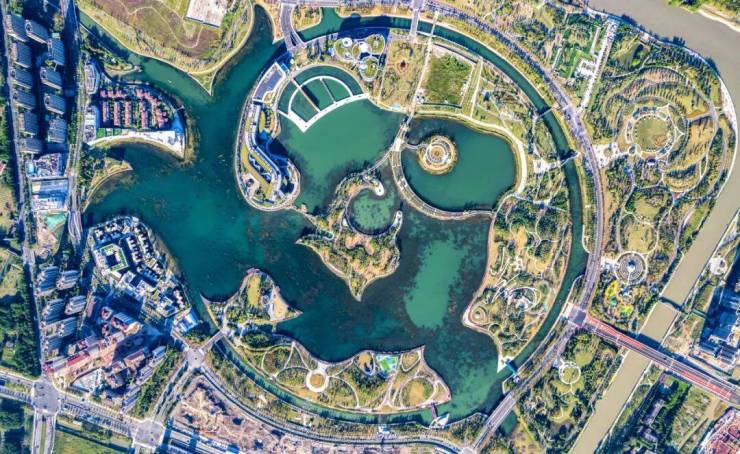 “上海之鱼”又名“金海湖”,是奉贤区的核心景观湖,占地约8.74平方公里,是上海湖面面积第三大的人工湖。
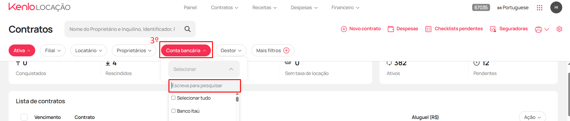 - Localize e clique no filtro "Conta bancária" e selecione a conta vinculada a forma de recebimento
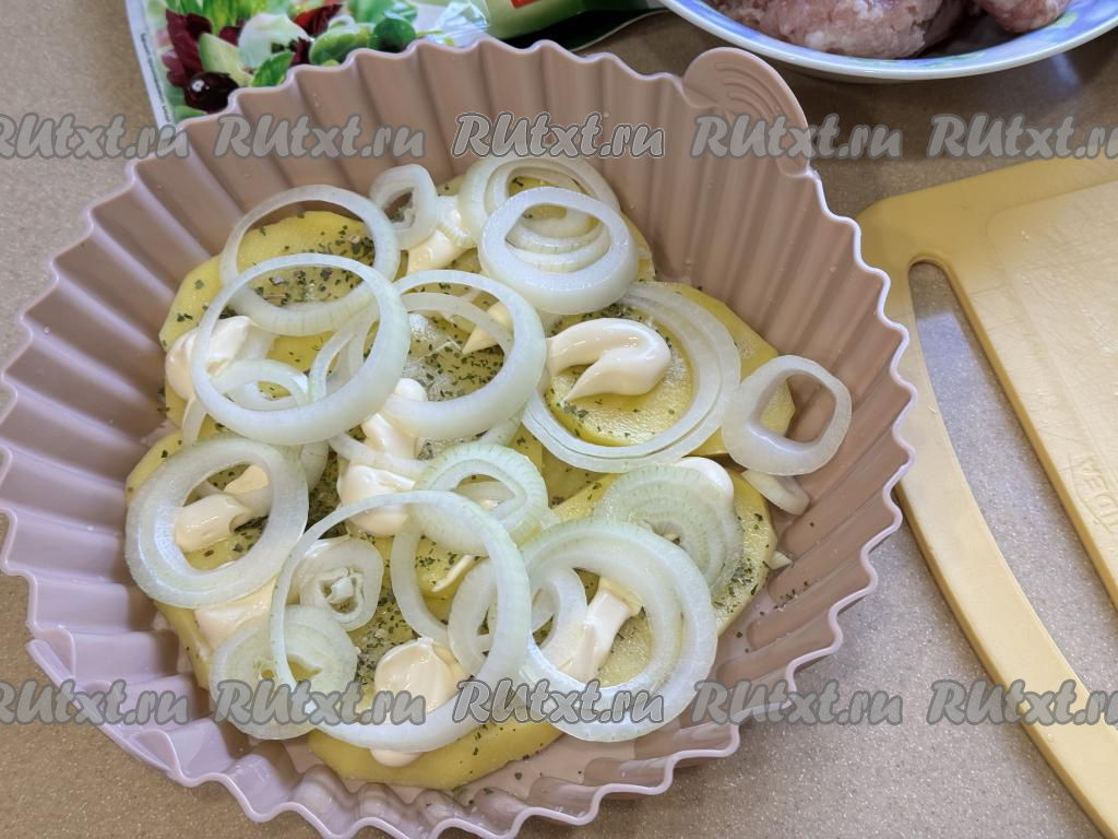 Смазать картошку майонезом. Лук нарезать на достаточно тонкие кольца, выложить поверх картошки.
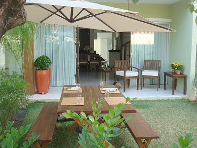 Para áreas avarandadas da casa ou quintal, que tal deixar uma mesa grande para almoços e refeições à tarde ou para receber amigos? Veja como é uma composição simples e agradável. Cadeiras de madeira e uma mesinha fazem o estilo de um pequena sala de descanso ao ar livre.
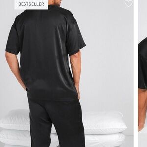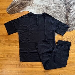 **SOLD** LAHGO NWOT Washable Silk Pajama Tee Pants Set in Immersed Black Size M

□ □ □

Goal of the exercise ::
Set down every entry above exactly as written, but skip the pictures.

Answer for the task ::
 “上海之鱼”又名“金海湖”,是奉贤区的核心景观湖,占地约8.74平方公里,是上海湖面面积第三大的人工湖。
 - Localize e clique no filtro "Conta bancária" e selecione a conta vinculada a forma de recebimento
 Смазать картошку майонезом. Лук нарезать на достаточно тонкие кольца, выложить поверх картошки.
 Para áreas avarandadas da casa ou quintal, que tal deixar uma mesa grande para almoços e refeições à tarde ou para receber amigos? Veja como é uma composição simples e agradável. Cadeiras de madeira e uma mesinha fazem o estilo de um pequena sala de descanso ao ar livre.
 **SOLD** LAHGO NWOT Washable Silk Pajama Tee Pants Set in Immersed Black Size M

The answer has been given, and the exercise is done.